A/B Testing Framework Guide
Build confidence in your recommendation improvements with Corgi's comprehensive A/B testing framework. This guide covers everything from creating experiments to analyzing results with statistical rigor.
What is A/B Testing?
A/B testing (also called split testing) allows you to scientifically compare different recommendation algorithms by showing different variants to different users and measuring which performs better.
Corgi's A/B testing framework provides:
- Deterministic User Assignment: Users always see the same variant for consistent experience
- Statistical Analysis: Built-in significance testing with confidence intervals
- Performance Monitoring: Real-time tracking with automatic poor performer blocking
- Traffic Management: Sophisticated allocation from 1% canary tests to 50/50 splits
- Multiple Experiment Types: Algorithm weights, semantic similarity, and custom model variants
A/B Testing Lifecycle
%%{init: {'theme': 'base'}}%%
graph TD
A[Create Experiment] --> B[Define Variants]

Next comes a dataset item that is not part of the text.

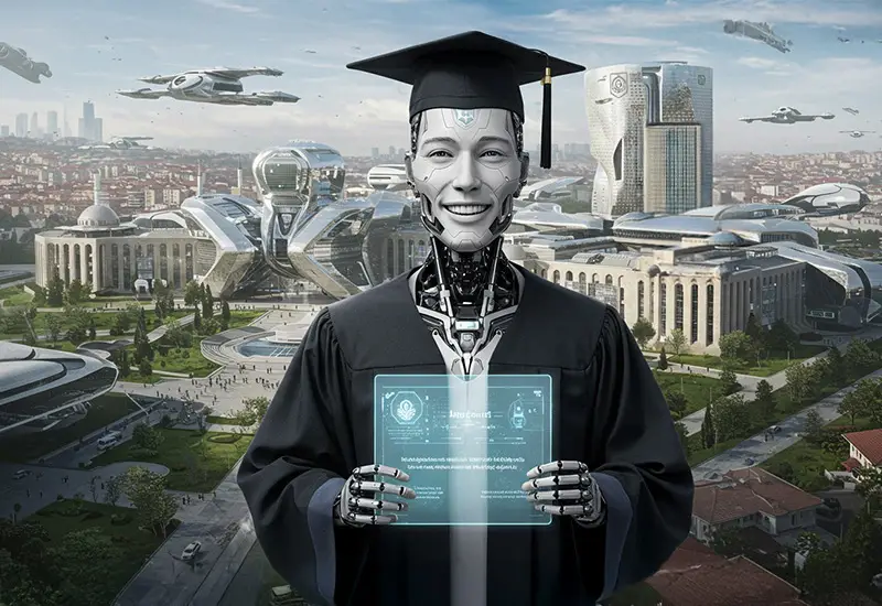 Google Image/Fx tarafindan üretilen bir resim örnegi:”2255 yllinda Istanbul’daki Ozyegin Üniversitesi önünde diplomasi ile duran bir robot mezun”

B --> C[Configure Traffic]
C --> D[Start Experiment]
D --> E[User Assignment]
E --> F[Performance Tracking]
F --> G[Statistical Analysis]
G --> H[Results & Decision]
H --> I[Winner Deployment]
subgraph "Creation Phase"
A
B
C
end
subgraph "Execution Phase"
D
E
F
end
subgraph "Analysis Phase"
G
H
I
end
classDef creation fill:#1E293B,stroke:#475569,color:#E2E8F0
classDef execution fill:#059669,stroke:#047857,color:#ffffff
classDef analysis fill:#7C2D12,stroke:#92400E,color:#FED7AA
class A,B,C creation
class D,E,F execution
class G,H,I analysis
Step 1: Create an Experiment
Method 1: Dashboard Interface (Recommended)
- Access the A/B Testing Dashboard
- Navigate to
/dashboardin your Corgi instance - Click the "A/B Testing" tab
-
Click "Create New Experiment"
-
Define Your Experiment
Name: "Semantic Weight Optimization" Description: "Testing semantic similarity weights: 10%, 15%, 20%" -
Configure Variants
- Control: Current algorithm (semantic weight: 0%)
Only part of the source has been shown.